Muriel leva uma vida tranquila no haras da família. Ela se emociona quando Alex, seu neto, aparece para passar alguns dias com ela, antes de se mudar para o Canadá. O comportamento estranho do rapaz, no entanto, logo desperta suspeitas nela, que descobre mentiras dele.

Crítica

Vou a caminho da luz, pois estou pronto para dizer adeus à noite”. É com essa frase que Alex se despede da avó, Muriel, na carta que escreve a ela antes de partir. Ele está indo para não mais voltar. A sua intenção, no entanto, não é abandonar algo – ou alguém – que imagina que lhe fará falta. O que busca, em última instância, é fazer diferença. E se onde está isso não lhe parece possível, está determinado a mudar. De vida, de origem, de religião. Quer começar de novo, mesmo que esse início seja limitado. Pois é a intolerância e o radicalismo que se encontram no centro das ações de Adeus à Noite, longa escrito e dirigido por André Téchiné e exibido fora de competição no Festival de Berlim 2019.

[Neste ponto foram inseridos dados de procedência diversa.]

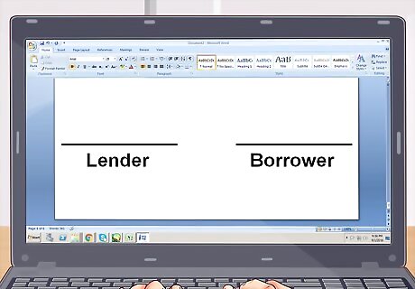Create a signature block. At the bottom of the page, include signature blocks. There should be one for the lender and one for the borrower. Leave space so that each party can write in the date on which they signed the agreement.
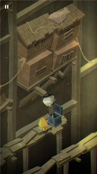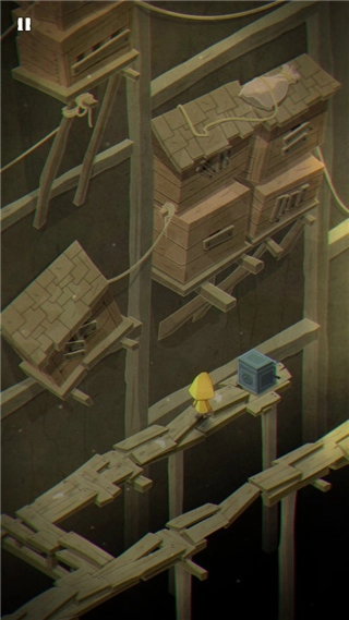当你开启极小梦魇手机版游戏,一开始会身处一个热气球上,只需拉下气球上的摇杆,便会掉落至地面,此时就能开启前行之旅。
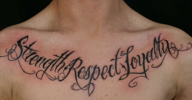 Originell und schön ist die Anordnung der Buchstaben in einem Halbkreis am Schlüsselbein. Kompakte Zusammensetzungen werden zum Nähen über dem Schlüsselbein oder den Rippen verwendet. Im Rückenbereich ist der Schriftzug quer über den Schultergürtel angebracht. Eine kleine Bogen-Tätowierung wird auf den aufgepumpten Muskel aufgetragen.

É curioso – e típico de uma produção europeia – que o protagonismo do filme não esteja naquele parte, mas, sim, naquela que fica. Não é o olhar do jovem o único a despertar interesse. O foco maior estará na reação dessa mulher que terá que lidar com as consequências da descoberta da verdadeira natureza do neto. Para tanto, Téchiné se reuniu mais uma vez com uma das suas principais parceiras, a diva francesa Catherine Deneuve. Os dois já trabalharam juntos quase uma dezena de vezes – a mais recente foi em O Homem que Elas Amavam Demais (2014) – e esse entendimento prévio entre os dois é crucial para o desenvolvimento da trama. Sua Muriel é desprovida de traços marcantes: é uma mulher da lida, que comanda quase sozinha uma fazenda com aras e plantação de cerejeiras. O marido já morreu, assim como a filha. Sobrou apenas esse rapaz, com quem esboça tentativas de aproximação, sempre respeitando os limites de cada um. Até perceber que talvez seja tarde demais.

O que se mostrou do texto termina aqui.